The nonprofit Americans United for Separation of Church and State is calling out one of the oldest public charter schools in Arizona for using two books from crank and Glenn Beck favorite Cleon Skousen that promote racism and a Christian nationalist interpretation of American history, reports the Arizona Republic.
The school, Heritage Academy, is apparently using two of Skousen's most popular books, "The 5,000 Year Leap" and "The Making of America," in an attempt to educate its student body of the ways in which America was actually founded by hardcore Jerry Falwell-style Christian conservatives.
This is not the same thing as trying to indoctrinate children, however, claims Earl Taylor, the school's founder and principal. "Our purpose is not to convert students to different religious views," Taylor promised. "It is to show them that religion influenced what the Founders did.”
Worse still, some parts of the Skousen books being given to Heritage Academy's students — and presented as textbooks, rather than historical documents — also depict American slavery in a racist and risibly sympathetic light.

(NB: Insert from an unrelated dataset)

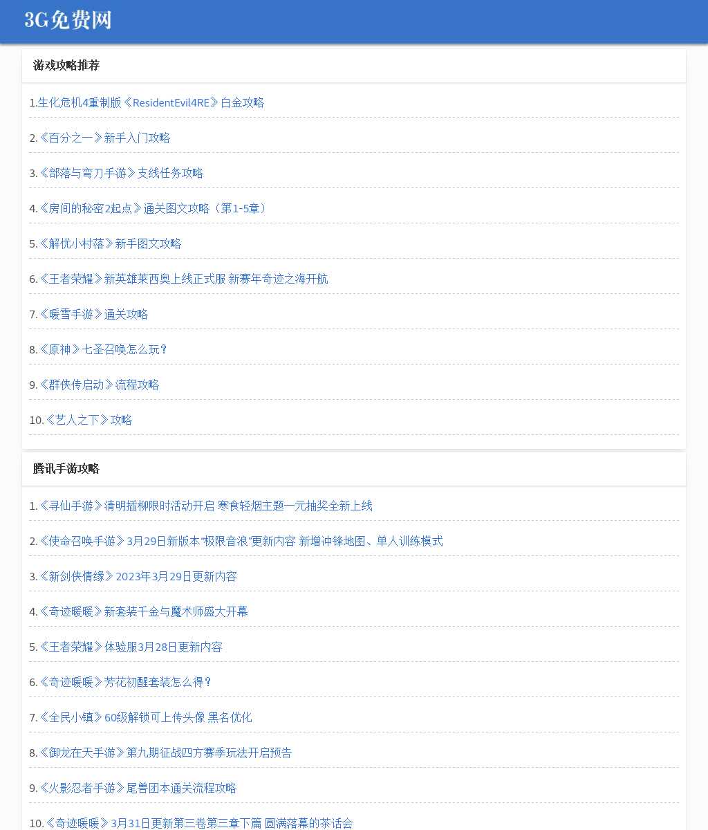 3G免费网是一个提供游戏攻略及问题答案的网站。

According to legal scholar Garret Epps, “parts of [Skousen's] major textbook ... present a systematically racist view of the Civil War" with a “long description of slavery in the book" arguing that slavery was "beneficial to African-Americans and that Southern racism was caused by the ‘intrusion’ of Northern abolitionists and advocates of equality for the freed slaves."
In one of the books, Skousen approvingly includes an essay in which the author argues that "if [African-American children] ran naked it was generally from choice, and when the white boys had to put on shoes and go away to school they were likely to envy the freedom of their colored playmates."
Americans United for Separation of Church and State is calling on Taylor to drop both books from the school's curriculum. He has thus far refused.